Stored entries
※

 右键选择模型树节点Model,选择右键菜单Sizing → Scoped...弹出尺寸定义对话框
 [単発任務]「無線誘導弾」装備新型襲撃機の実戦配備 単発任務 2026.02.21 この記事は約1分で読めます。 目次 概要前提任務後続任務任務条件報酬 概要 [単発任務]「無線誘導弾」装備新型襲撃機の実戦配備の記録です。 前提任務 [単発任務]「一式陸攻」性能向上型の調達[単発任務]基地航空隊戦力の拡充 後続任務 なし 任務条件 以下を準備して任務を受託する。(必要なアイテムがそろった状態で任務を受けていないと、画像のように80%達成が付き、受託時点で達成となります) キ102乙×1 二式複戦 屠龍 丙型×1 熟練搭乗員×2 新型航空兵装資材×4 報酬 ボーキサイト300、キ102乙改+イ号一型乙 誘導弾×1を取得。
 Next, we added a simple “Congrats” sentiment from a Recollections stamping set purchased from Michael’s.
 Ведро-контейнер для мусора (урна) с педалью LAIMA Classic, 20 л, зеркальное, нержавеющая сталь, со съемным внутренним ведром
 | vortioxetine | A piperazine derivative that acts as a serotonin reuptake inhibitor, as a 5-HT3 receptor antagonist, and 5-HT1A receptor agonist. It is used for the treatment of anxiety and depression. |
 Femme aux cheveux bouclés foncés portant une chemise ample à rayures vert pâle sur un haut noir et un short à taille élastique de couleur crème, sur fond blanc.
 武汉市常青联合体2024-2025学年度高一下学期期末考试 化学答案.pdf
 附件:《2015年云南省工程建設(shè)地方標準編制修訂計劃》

※

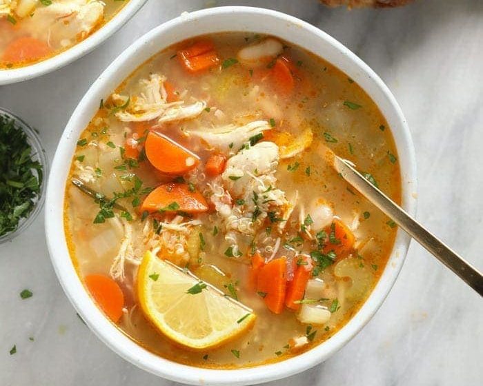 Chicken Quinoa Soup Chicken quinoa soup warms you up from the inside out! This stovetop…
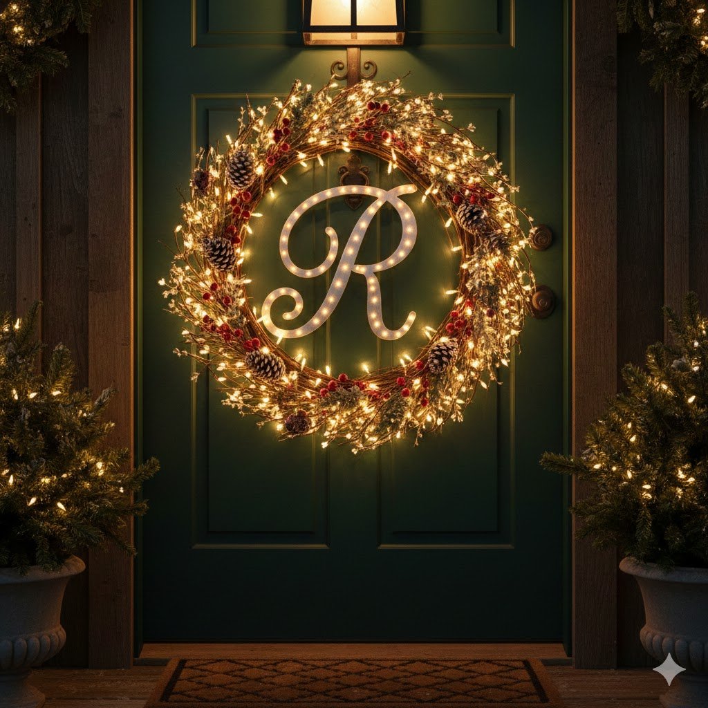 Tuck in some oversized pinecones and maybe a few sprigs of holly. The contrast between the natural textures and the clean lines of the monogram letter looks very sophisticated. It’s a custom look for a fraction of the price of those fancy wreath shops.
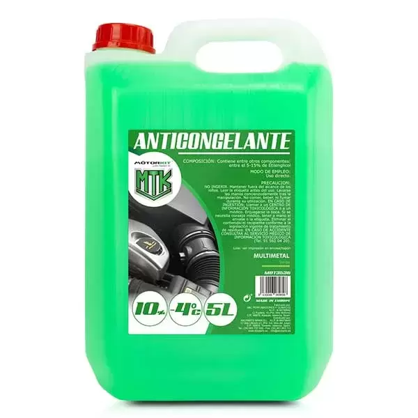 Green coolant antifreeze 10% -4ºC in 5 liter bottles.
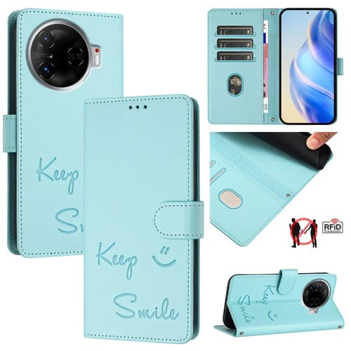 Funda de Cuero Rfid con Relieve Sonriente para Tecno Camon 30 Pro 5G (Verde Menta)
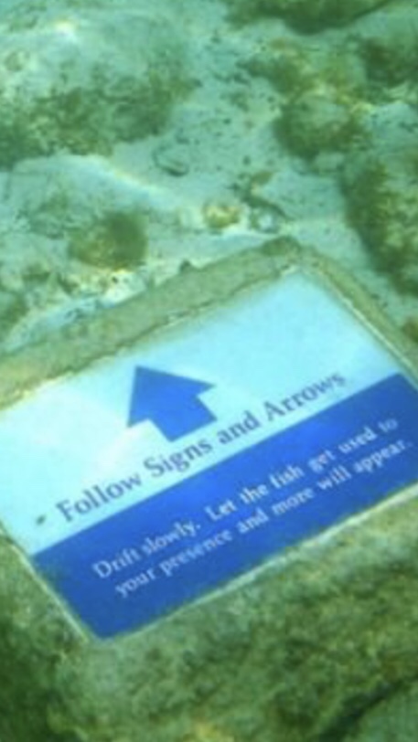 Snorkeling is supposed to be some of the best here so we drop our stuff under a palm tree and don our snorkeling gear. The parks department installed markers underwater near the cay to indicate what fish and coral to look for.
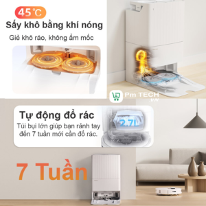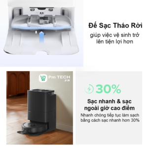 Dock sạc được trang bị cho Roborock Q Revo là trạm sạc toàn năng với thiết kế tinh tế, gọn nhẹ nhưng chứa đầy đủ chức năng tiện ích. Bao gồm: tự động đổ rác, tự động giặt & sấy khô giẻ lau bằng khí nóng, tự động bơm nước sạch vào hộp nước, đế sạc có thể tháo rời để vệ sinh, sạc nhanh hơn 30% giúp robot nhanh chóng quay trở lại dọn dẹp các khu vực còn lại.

※

## Problem description
Restate word for word only the lines above from the line containing "武汉市常青联合体2024-2025学年度高一下学期期末考试 化学答案.pdf" to the line containing "附件:《2015年云南省工程建設(shè)地方標準編制修訂計劃》", both of them included.

## Problem solution
 武汉市常青联合体2024-2025学年度高一下学期期末考试 化学答案.pdf
 附件:《2015年云南省工程建設(shè)地方標準編制修訂計劃》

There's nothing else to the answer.